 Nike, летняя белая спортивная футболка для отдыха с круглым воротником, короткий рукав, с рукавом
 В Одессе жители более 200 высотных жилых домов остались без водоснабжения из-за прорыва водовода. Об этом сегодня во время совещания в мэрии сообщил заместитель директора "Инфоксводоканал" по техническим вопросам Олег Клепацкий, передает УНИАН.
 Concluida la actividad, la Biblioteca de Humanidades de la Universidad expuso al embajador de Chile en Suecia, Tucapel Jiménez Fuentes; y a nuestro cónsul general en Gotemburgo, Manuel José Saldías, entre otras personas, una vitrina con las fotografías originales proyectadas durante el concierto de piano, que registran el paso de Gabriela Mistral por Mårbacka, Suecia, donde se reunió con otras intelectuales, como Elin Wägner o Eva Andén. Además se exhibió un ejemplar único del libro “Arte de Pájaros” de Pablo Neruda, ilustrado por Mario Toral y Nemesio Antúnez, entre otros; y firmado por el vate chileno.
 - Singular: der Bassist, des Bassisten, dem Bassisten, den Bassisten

* * *

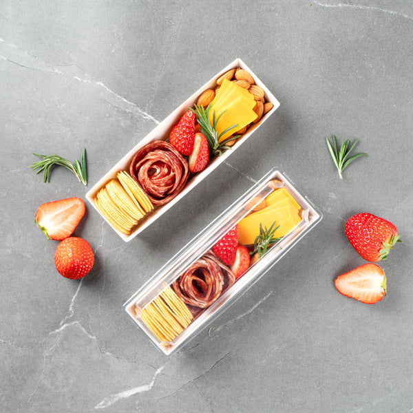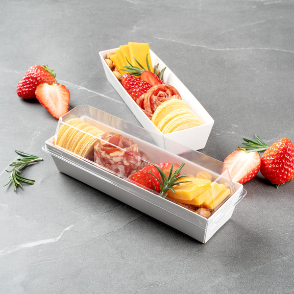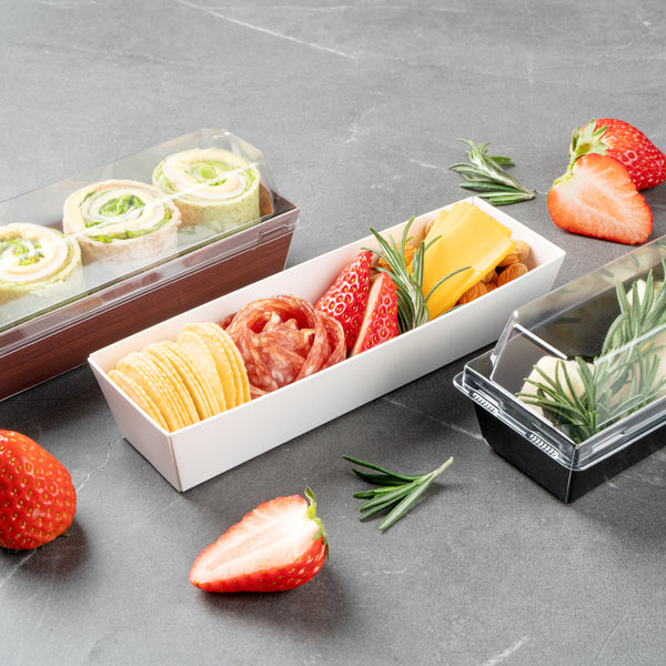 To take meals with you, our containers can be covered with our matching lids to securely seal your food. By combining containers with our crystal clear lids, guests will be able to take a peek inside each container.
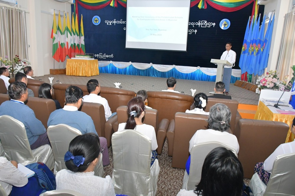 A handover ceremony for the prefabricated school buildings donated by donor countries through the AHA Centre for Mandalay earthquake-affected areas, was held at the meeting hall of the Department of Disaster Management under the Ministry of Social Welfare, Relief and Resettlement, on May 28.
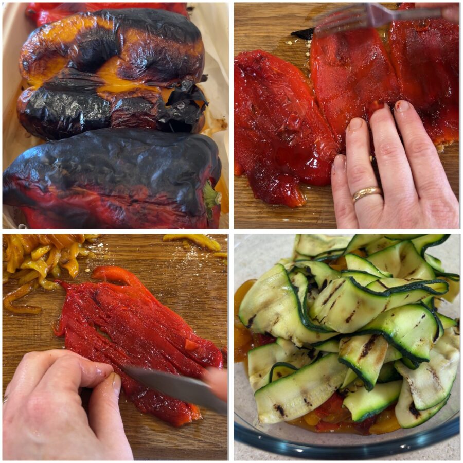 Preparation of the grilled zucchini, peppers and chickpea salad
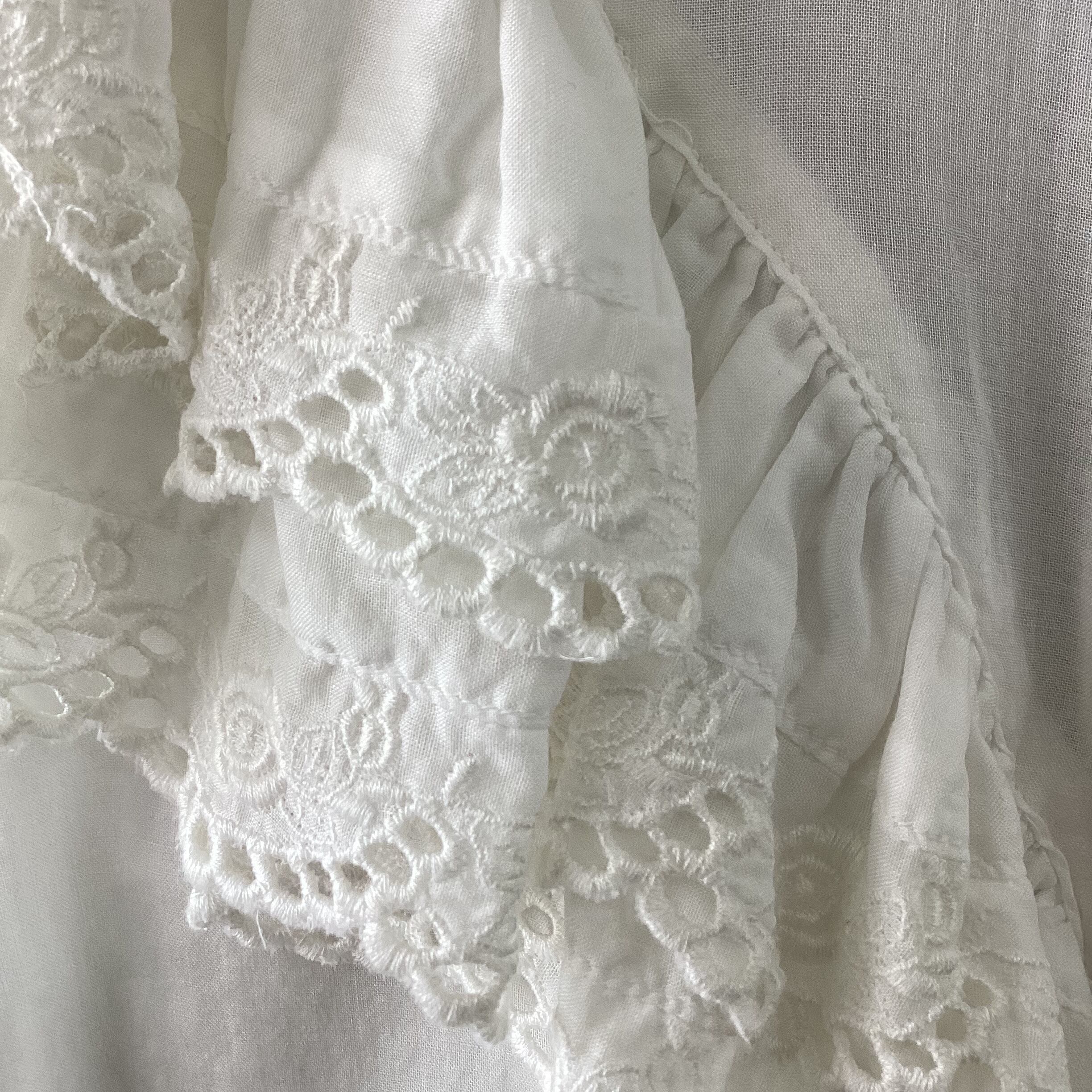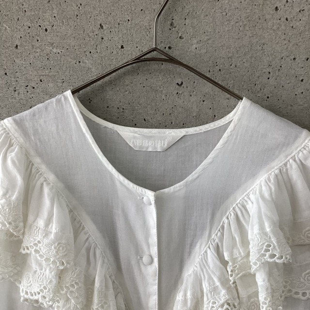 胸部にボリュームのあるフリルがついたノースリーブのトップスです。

* * *

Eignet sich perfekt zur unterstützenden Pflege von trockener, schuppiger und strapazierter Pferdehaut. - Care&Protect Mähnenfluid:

- _Problem to work on_: Copy out exactly the material that runs from the line with "To take meals" to the line with "胸部にボリュームのあるフリルがついたノースリーブのトップスです。", ends included, and leave the pictures behind.

- _Task output_:
 To take meals with you, our containers can be covered with our matching lids to securely seal your food. By combining containers with our crystal clear lids, guests will be able to take a peek inside each container.
 A handover ceremony for the prefabricated school buildings donated by donor countries through the AHA Centre for Mandalay earthquake-affected areas, was held at the meeting hall of the Department of Disaster Management under the Ministry of Social Welfare, Relief and Resettlement, on May 28.
 Preparation of the grilled zucchini, peppers and chickpea salad
 胸部にボリュームのあるフリルがついたノースリーブのトップスです。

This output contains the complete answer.